Longitudinal Plasma Metabolomics by GC–MS and LC–MS During Total Parenteral Nutrition After Gastrointestinal Surgery
Duygu Konuklu, Cemil Can Eylem, İpek Baysal, Busenur Kırımtay, Emirhan Nemutlu, Timuçin Erol, Şermin Ataç, İncilay Süslü

TL;DR
This study tracks changes in blood metabolites over 72 hours in patients receiving total parenteral nutrition after gastrointestinal surgery, revealing patterns in amino acids and other metabolites.
Contribution
The study introduces a longitudinal untargeted metabolomics approach to characterize early systemic metabolic changes during TPN after surgery.
Findings
Early TPN administration increases amino acids like glycine, isoleucine, and tryptophan within 24 hours.
Metabolic changes persist and expand over 72 hours, with coordinated shifts in amino acids and carbohydrate-related metabolites.

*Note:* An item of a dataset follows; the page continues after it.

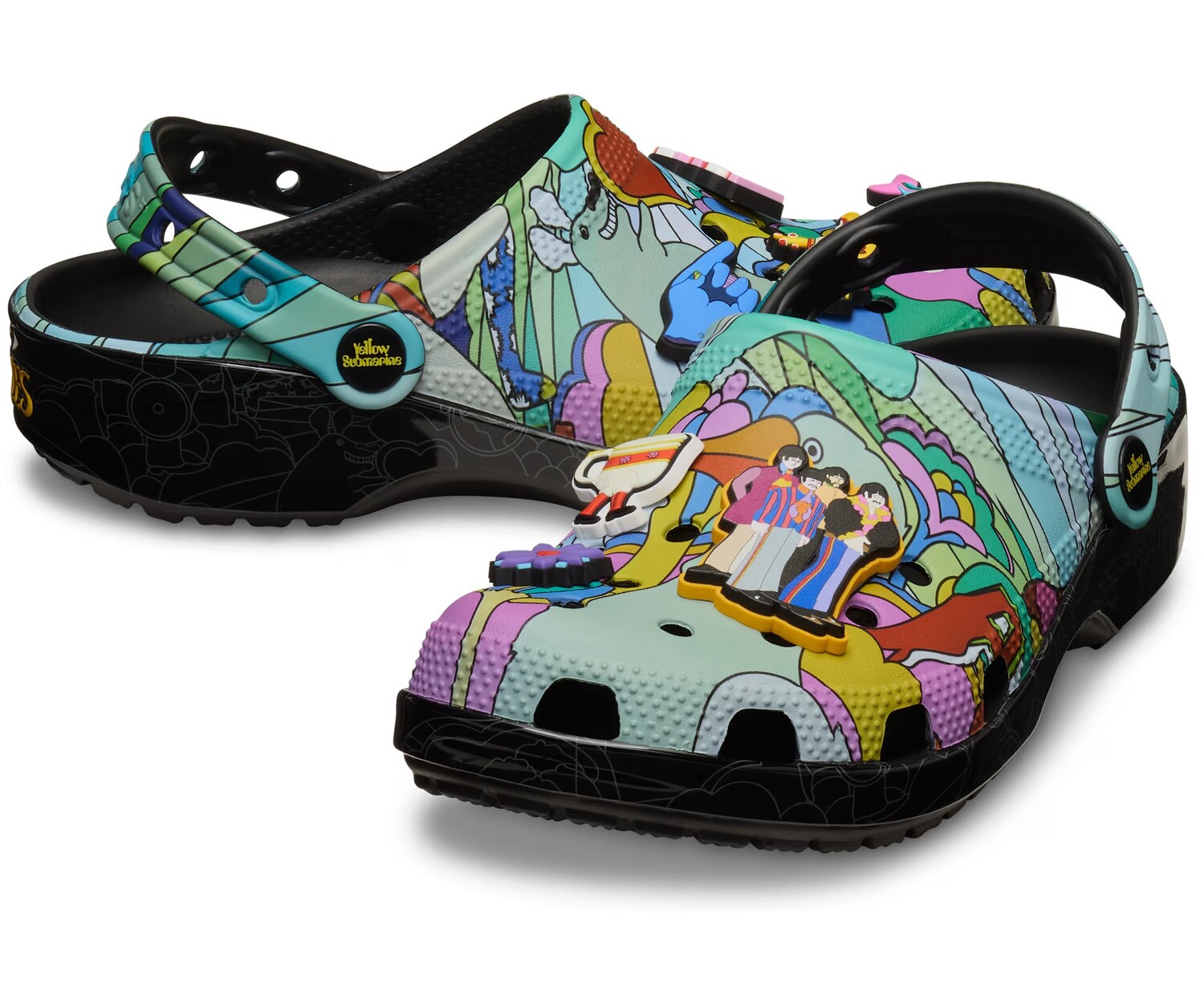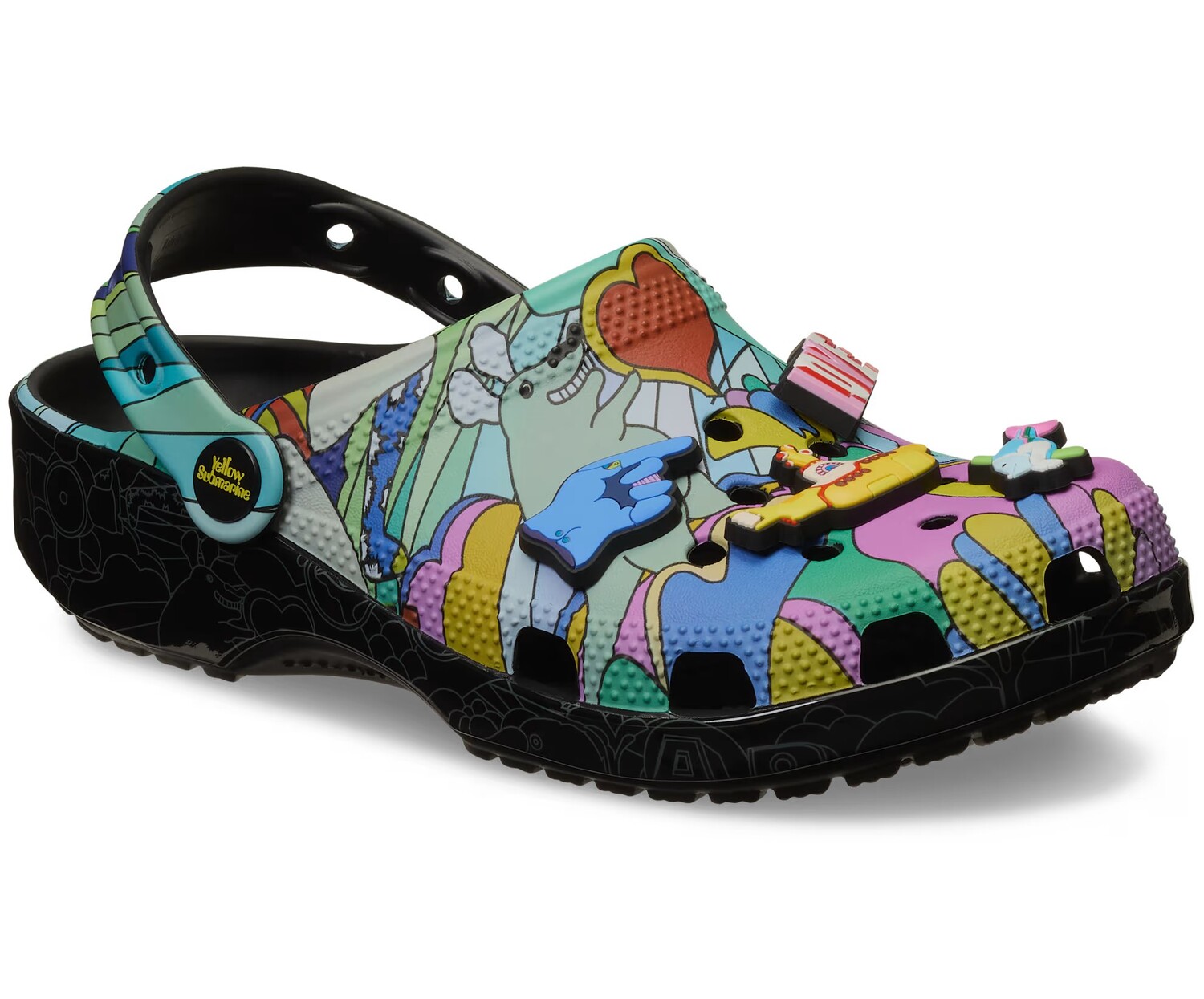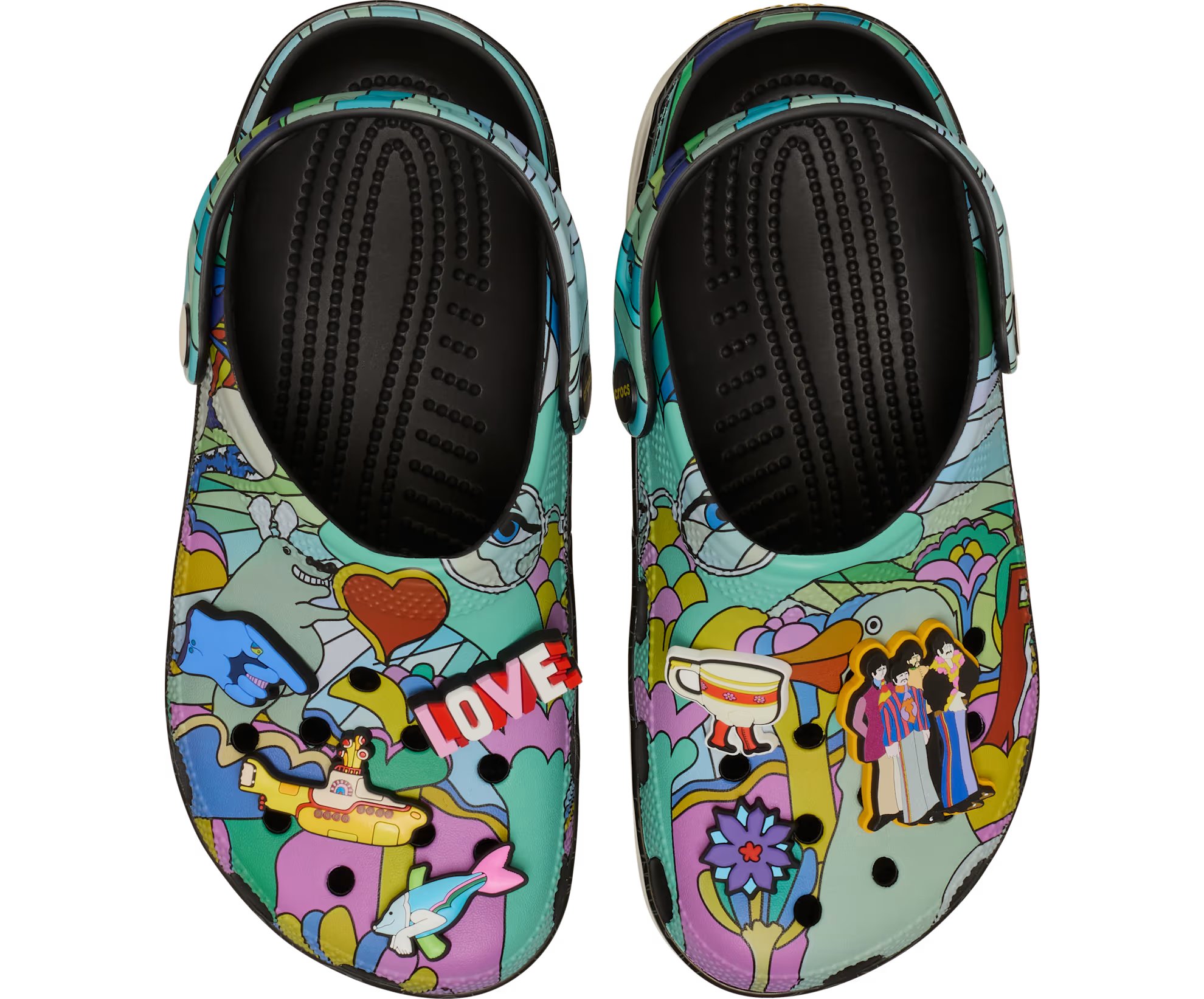 Все, что тебе нужно, - это любовь... и Beatles Classic Platform Clog. Верх с психоделическим принтом позволит вам жить в цвете. А море отверстий делает их идеальными для эксклюзивных брелоков Jibbitz Charms, вдохновленных фильмом Yellow Submarine, и любых дополнительных элементов, которые вы захотите добавить.

Untargeted metabolomics reveals time-dependent patterns in plasma metabolites during postoperative TPN.
Abstract
Background: Total parenteral nutrition (TPN) is widely used after major gastrointestinal surgery; however, its early systemic metabolic effects and temporal adaptation patterns remain incompletely characterized. This study applied a longitudinal plasma metabolomics approach to investigate time-dependent metabolic changes during early TPN administration. Methods: Plasma samples were collected from patients undergoing gastrointestinal surgery before TPN initiation (baseline, T0) and at 24 h (T1), 48 h (T2), and 72 h (T3). Untargeted metabolomic profiling was performed using complementary gas chromatography–mass spectrometry (GC–MS) and liquid chromatography–mass spectrometry (LC–MS) platforms. In total, 111 metabolites were detected. Analysis of variance (ANOVA) with baseline (T0) as the reference identified time-point–specific metabolic alterations during TPN administration. Results: At…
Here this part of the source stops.